2018年的时候写HDFS项目时候遗留的笔记，Scala简单操作HDFS。

点击查看代码

 package info.aoye.hadoop
 
import java.io.ByteArrayInputStream
import java.net.URI
 
import org.apache.hadoop.conf.Configuration
import org.apache.hadoop.fs.{FileSystem, FileUtil, Path}
import org.apache.commons.lang.StringUtils
import org.apache.zookeeper.common.IOUtils
 
import scala.collection.mutable.{ArrayBuffer, ListBuffer}
 
 
/**
  * @author duchaoqun
  * @since 2018-08-09
  */
object DemoHdfs1 extends scala.App {
  val hdfsPath = "hdfs://172.17.2.135:8020/user/"
 
  /**
    * Make a new dir in the hdfs!
    *
    * @param dir dir name
    * @return true or false
    */
  def createDir(dir: String): Boolean = {
    val dirPath = hdfsPath + dir // 留意拼接的这个dir, 如果前面的url 最后面没有斜杠, 这里会创建到上一级目录中.
 
    // 验证路径是否正确
    if (StringUtils.isBlank(dirPath)) {
      false
    } else {
      // 创建HDFS对象, todo 如何判断创建失败了?
      val fileSystem = FileSystem.get(URI.create(dirPath), new Configuration(), "hdfs")
      if (!fileSystem.exists(new Path(dirPath))) {
        fileSystem.mkdirs(new Path(dirPath))
      }
      fileSystem.close()
      true
    }
  }
 
 
  /**
    * 删除HDFS上的目录
    *
    * @param dir dir name
    * @return true or false
    */
  def deleteDir(dir: String): Boolean = {
    val dirPath = hdfsPath + dir // 留意拼接的这个dir, 如果前面的url 最后面没有斜杠, 这里会创建到上一级目录中.
    if (StringUtils.isBlank(dir)) {
      false
    } else {
      val fileSystem = FileSystem.get(URI.create(dirPath), new Configuration(), "hdfs")
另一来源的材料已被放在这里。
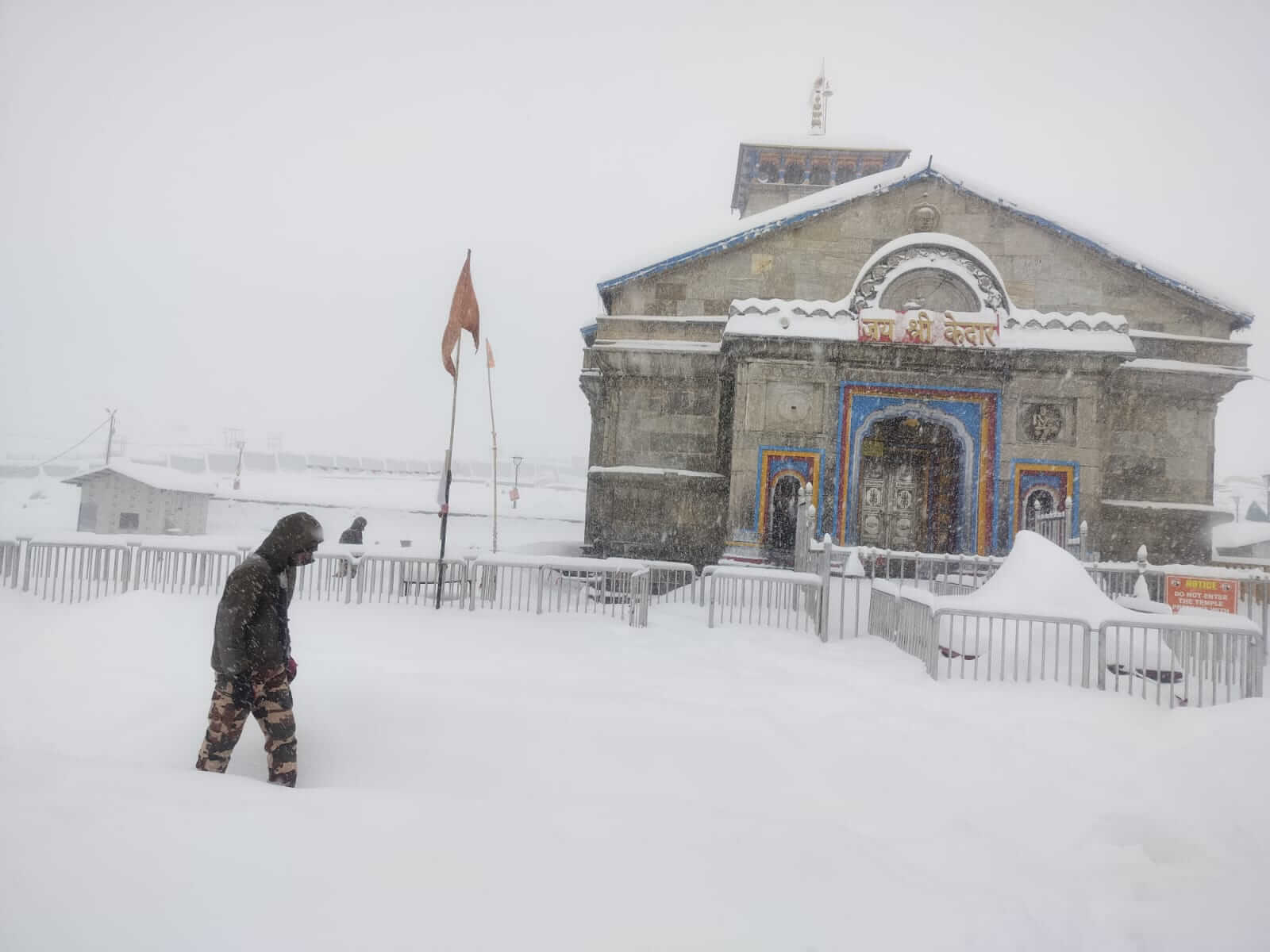 केदारनाथ-रूद्रप्रयाग/श्रीनगर गढ़वाल।उत्तराखण्ड के उच्च हिमालयी क्षेत्रों में लगातार हो रही बर्फबारी के कारण बाबा केदार की नगरी केदारनाथ पूरी तरह बर्फ की सफेद चादर में ढक चुकी है। धाम में इस समय करीब 3 से 4 फीट तक बर्फ जमी हुई है,जबकि तापमान शून्य से 16 डिग्री सेल्सियस नीचे तक पहुंच गया है। इन अत्यंत कठिन और चुनौतीपूर्ण हालातों के बावजूद भारत-तिब्बत सीमा पुलिस और रुद्रप्रयाग पुलिस के जवान पूरी सतर्कता और निष्ठा के साथ अपने कर्तव्यों का निर्वहन कर रहे हैं। कड़ाके की ठंड और तेज बर्फीली हवाओं के बीच सुरक्षा बल मंदिर परिसर सहित आसपास के संवेदनशील क्षेत्रों में लगातार गश्त कर रहे हैं,ताकि धाम की सुरक्षा व्यवस्था पूरी तरह मजबूत बनी रहे। 26 जनवरी के अवसर पर भी जवानों ने भारी बर्फबारी के बीच तिरंगा फहराकर राष्ट्र के प्रति अपनी प्रतिबद्धता और समर्पण का परिचय दिया। मंदिर के कपाट बंद होने के बाद भी केदारनाथ धाम की सुरक्षा,मास्टर प्लान के तहत निर्मित सरकारी संपत्तियों की निगरानी और संरचनाओं की सुरक्षा की जिम्मेदारी सुरक्षा बलों द्वारा लगातार निभाई जा रही है।मौसम विभाग द्वारा जारी अलर्ट और हिमस्खलन की संभावनाओं को देखते हुए पुलिस प्रशासन ने जवानों को अतिरिक्त सतर्कता बरतने के निर्देश दिए हैं।रुद्रप्रयाग जिला प्रशासन और पुलिस विभाग ने संयुक्त रूप से बताया कि विषम भौगोलिक और मौसम परिस्थितियों के बावजूद सुरक्षा बलों का मनोबल ऊंचा है।केदारनाथ धाम में सुरक्षा व्यवस्था पूरी तरह चाक-चौबंद है और किसी भी आपात स्थिति से निपटने के लिए सभी आवश्यक इंतजाम किए गए हैं।

      //fileSystem.delete(new Path(dir),true)
      fileSystem.deleteOnExit(new Path(dirPath))
      fileSystem.close()
      true
    }
  }
 
  /**
    * 删除HDFS上的文件
    *
    * @param filePath HDFS上文件的绝对路径
    * @return true or false
    */
  def deleteFile(filePath: String): Boolean = {
    if (StringUtils.isBlank(filePath)) {
      false
    } else {
      val fileSystem = FileSystem.get(URI.create(filePath), new Configuration(), "hdfs")
      fileSystem.deleteOnExit(new Path(filePath))
      fileSystem.close()
      true
    }
  }
 
  //deleteFile("hdfs://172.17.2.135:8020/user/test2.txt")
 
  def listAll(dirPath: String): Option[List[String]] = {
    if (StringUtils.isBlank(dirPath)) {
      None
    } else {
      val fileSystem = FileSystem.get(URI.create(dirPath), new Configuration(), "hdfs")
      val fileStatus = fileSystem.listStatus(new Path(dirPath))
      val statusListBuffer = new ListBuffer[String]
      fileStatus.foreach(x => statusListBuffer += x.getPath.toString)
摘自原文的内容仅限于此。